At my company, Aspen Marketing Services, we do a lot of work around direct marketing (direct mail, events, email, etc.). I’ve had a great opportunity to learn more about marketing in the offline world and have also been able to contribute to projects that have and online component.
Since it’s the end of the year, I thought I’d do a wrap up on some of my experiences and share my thoughts on how the gap between online and offline marketing can be closed (or at least tightened) with analytics.
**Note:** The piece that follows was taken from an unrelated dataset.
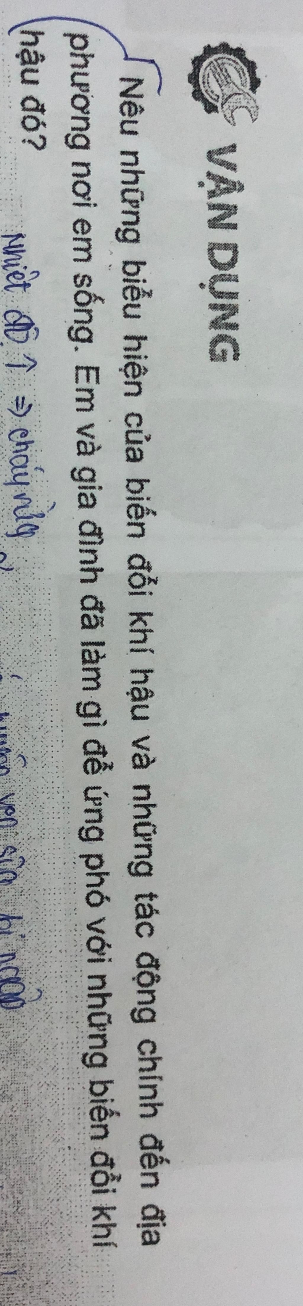 `-` Tác động của biến đổi khí hậu đến địa phương em sinh sống:

Anytime you interact with someone offline and then try to drive them online, you need to know where (what campaign, event, referring source, etc.) they came from. A lot of marketers watch for a spike in site traffic and say, “Ahh…it’s because of the campaign.” Well maybe, but how do they go on to tell how conversion rates for the campaign were affected, what behavior is exhibited by people who come in through the campaign vs. another source, etc.? Not very well, I think.
Tie offline interactions to online actions.
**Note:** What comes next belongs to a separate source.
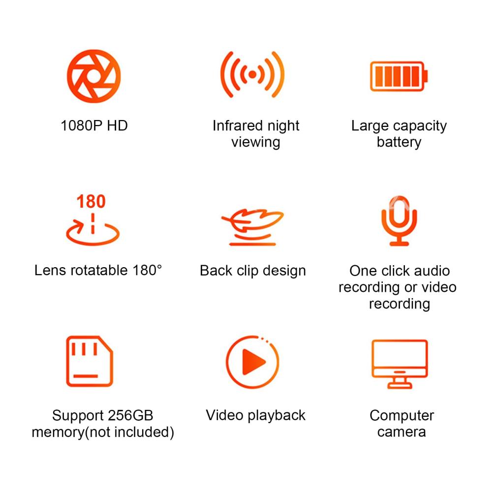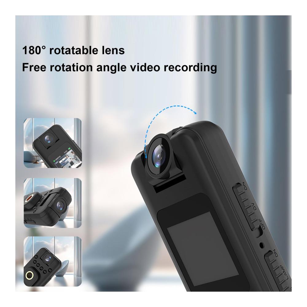 Erleben Sie beeindruckende Aufnahmen mit unserer am Körper getragenen Camcorder. Die 1080P HD-Auflösung und das 180-Grad-drehbare Objektiv erfassen dynamische Momente mit außergewöhnlichen Details.

In direct mail, we often use PURLs (personalized URLs), campaign codes, etc. to link a visit to a piece of offline marketing. Sometimes a vanity URL can be used, though there’s no guarantee the visitor will bother to type in anything after your domain name (www.example.com/campaign). Instead, I prefer to use completely new vanity URLs (www.mycampaign.com) or subdomains (campaign.example.com) since entering the code is unavoidable. I also like to use unique toll-free numbers for the calls related to the campaign, but that’s the topic of another post.
By knowing exactly where the traffic is coming from, you can set up segments to account for site and campaign level measurement as well as behavioral interaction analayis.
Capture conversion separately.
You can always roll-up conversion numbers but having them broken out separately for each campaign provides you with a number of benefits. Here’s a brief list of some important ones:
Cost per Conversion for the campaign
Campaign costs / # conversions
This tells you how much your campaign cost in terms of each conversion you got from it. So if you know that Campaign A cost you $25,000 and you got 100 conversions, you’d have a cost of $250 per conversion. This may also be expressed as CPS (cost per sale) or CPL (cost per lead). Knowing this information lets you compare campaigns on a cost/benefit basis and also have historical, easy-to-compare values when you’re thinking about your next campaign.
Value of Campaign Customers
Let’s say you launch a campaign that offers one month of free service before the customer has to pay anything. You may notice a strong adoption rate during the campaign, but what about when people churn (cancel their service with you)? You need to be able to tie the customer acquisition source back to the campaign to better understand future behavior. Leveraging the acquisition source data provides the opportunity to measure the value of the campaign customers separately from customers having come in from other sources. It also provides an additional piece of information for any predictive modeling that might be done to do things like determine channel preference or likelihood to accept an offer.
Determine Behavioral Patterns
Behavioral observation of the segment of customers responding to a campaign may provide future insights into how best to interact with those customers. If you don’t have these customers broken out seperately (I would argue that you should be looking at both response and conversion here), it will be very difficult to tell what makes these people tick.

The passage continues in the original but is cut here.